Les privacy coins – Monero (XMR), Zcash (ZEC), Dash et leurs équivalents – fonctionnent sur des architectures cryptographiques qui rendent l’analyse des transactions publiques sur la blockchain soit impossible (Monero), soit optionnellement opaque (Zcash). Ils ont, depuis plusieurs années, fait l’objet d’une pression croissante de la part des plateformes d’échange : Kraken a supprimé Monero pour ses clients européens en 2024, plusieurs exchanges asiatiques ont procédé à des délistages sous pression réglementaire. La logique sous-jacente est simple : en l’absence de capacité d’audit des transactions, les plateformes ne peuvent satisfaire aux obligations de vigilance anti-blanchiment imposées par leurs régulateurs locaux.
La défense des zero-knowledge proofs par Peirce est potentiellement plus favorable à Zcash – dont l’architecture shielded repose précisément sur les zk-SNARKs – qu’à Monero, dont le modèle de confidentialité systématique et non optionnel est plus difficile à réconcilier avec les exigences de conformité. L’récente surperformance technique de Zcash qui a illustré comment les débats réglementaires sur la confidentialité se matérialisent directement dans les valorisations de marché suggère que le segment réagit avec une sensibilité élevée aux signaux institutionnels, même lorsque ceux-ci ne se traduisent pas immédiatement en mesures formelles.

Les services de mixing représentent une catégorie analytiquement distincte : ils ne constituent pas des actifs en soi, mais des protocoles de traitement permettant de brouiller la traçabilité de fonds libellés dans des cryptomonnaies transparentes (Bitcoin, Ethereum). La déclaration de Peirce selon laquelle ces services « peuvent permettre des transactions légales sans exposer publiquement l’identité ou l’historique financier des utilisateurs » est remarquable en ce qu’elle reconnaît implicitement l’existence d’un usage légitime – ce que la doctrine OFAC de 2022 tendait à nier structurellement en sanctionnant l’outil indépendamment de l’usage.
Nous sommes sur le fil du rasoir : la variable déterminante est la capacité des développeurs de protocoles de confidentialité à construire des solutions techniques de conformité sélective – des architectures qui permettent de prouver la légalité sans révéler le contenu – suffisamment robustes pour convaincre les agences de réglementation anti-blanchiment que la surveillance systématique n’est pas la seule option disponible.

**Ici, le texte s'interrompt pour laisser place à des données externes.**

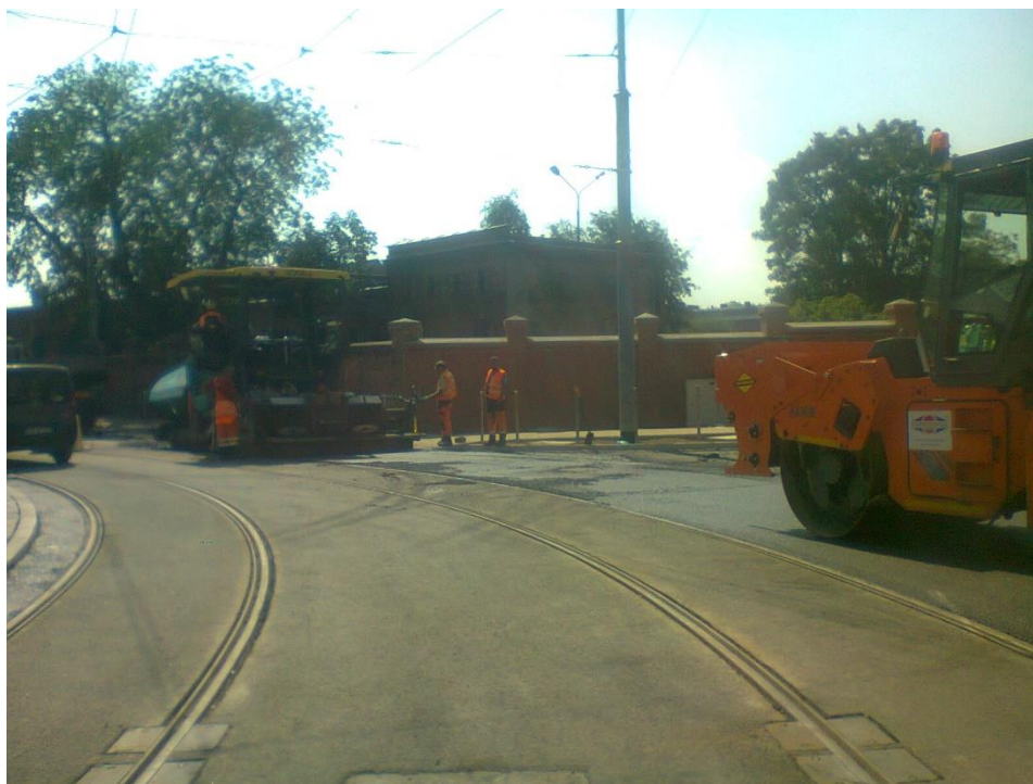
skrzyżowanie ul. Potulickiej i Narutowicza

Umowa o dofinansowanie nr: UDA-RPZP.02.01.03-32-001/13-00 z dnia 26. 09.2013 roku.
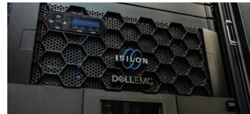
サンジゲンのサーバールームに設置された Dell Precision 3930 ラック型 (上)、 Dell EMC Isilon H400 (下)
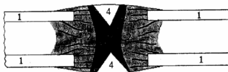
Рис. 2. Схема строения костного регенерата 1 – материнская кость, 2 – новообразованная костная ткань, 3 – неотвердевшая область регенерата, в которой происходят рост и деление клеток, 4 – островки хряща

Важной составляющей регенерации является отложение кальция между волокнами внеклеточного матрикса, приводящее к его отвердеванию и управляемое, в частности, клеточной активностью [16]. Источником поступления кальция является сеть кровеносных сосудов, прорастающих со стороны костных отделов регенерата в сторону его центральной части. При благоприятных условиях в течение длительного времени сохраняется зона роста, из которой постоянно исключаются подвергшиеся оксификации (окостенению) перифериче-
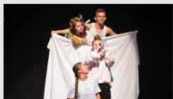
Aj ochotníci vedú vytvoriť príťažlivú scénickú kreáciu a získať si publikum.
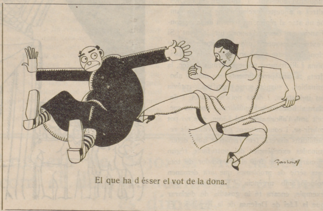
El que ha d'ésser el vot de la dona.

Segons l'empresari, que les obres que es posaven en escena — i eren obres de bons autors, aplaudides per tots els públics — no cridaven l'atenció.
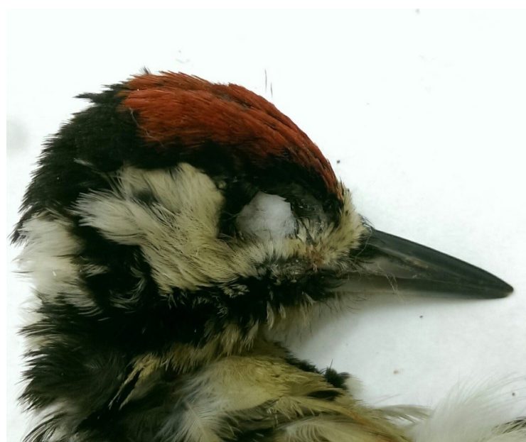
Obrázek 2: očnice vycpaná vatou u strakapouda velkého
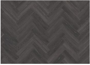
Calder - Dry Back Herringbone
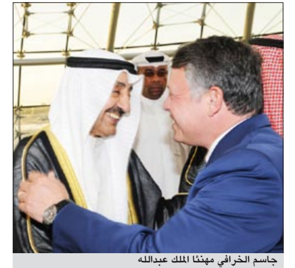
جاسم الخرافي مهنتا الملك عبدالله
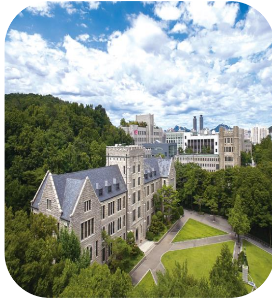
Becas de Universidades Coreanas
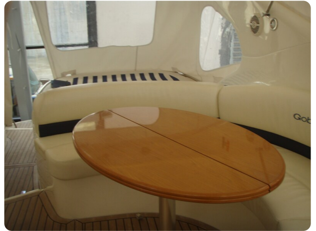
Gobbi 425 (1)
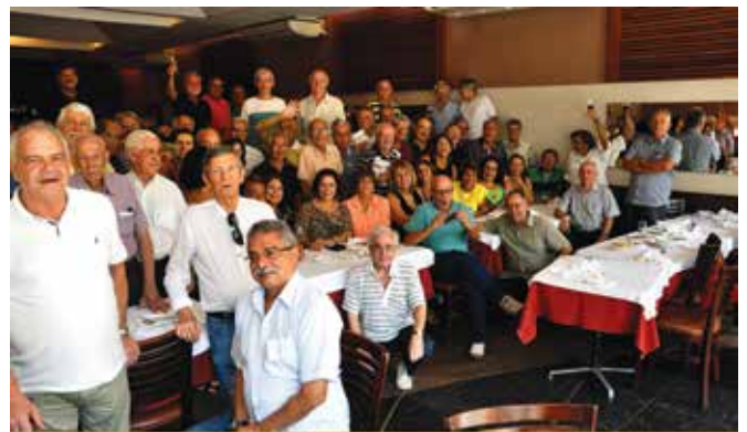
Encontro dos Aposentados da CACEX 2014
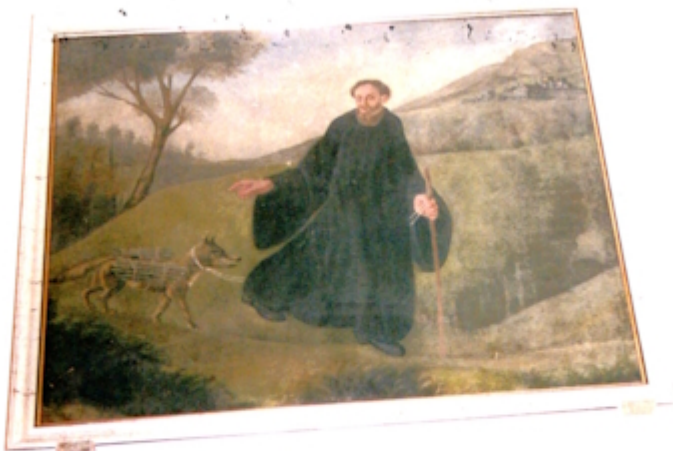
Affresco raffigurante S. Amico ed il lupo "reso mansueto e recante addosso la legna"

Nell'affresco della chiesa di Santa Maria delle Grazie, a Cocullo, S. Amico è raffigurato invece con un'accetta da legna sulle spalle, che richiama semanticamente l'attività svolta dal Santo nel monastero di San Pietro Avellana.

Quatrième vecteur – Le contexte politique américain : une fenêtre de tolérance sous pression croisée de la surveillance post-FTX et des réformes pro-innovation de l’administration Trump
La séquence dans laquelle s’inscrit la prise de position de Peirce est paradoxale. D’un côté, l’administration actuelle a affiché une posture explicitement pro-crypto, cherchant à inscrire dans le marbre législatif un cadre réglementaire favorable aux actifs numériques qui résisterait aux alternances politiques futures. De l’autre, la pression vers une surveillance financière accrue n’a pas faibli : le Bank Secrecy Act, les obligations Know Your Customer (KYC) et les règles de l’OFAC restent intacts, et les agences de sécurité nationale maintiennent une attention soutenue sur les flux de financement illicites via les actifs numériques.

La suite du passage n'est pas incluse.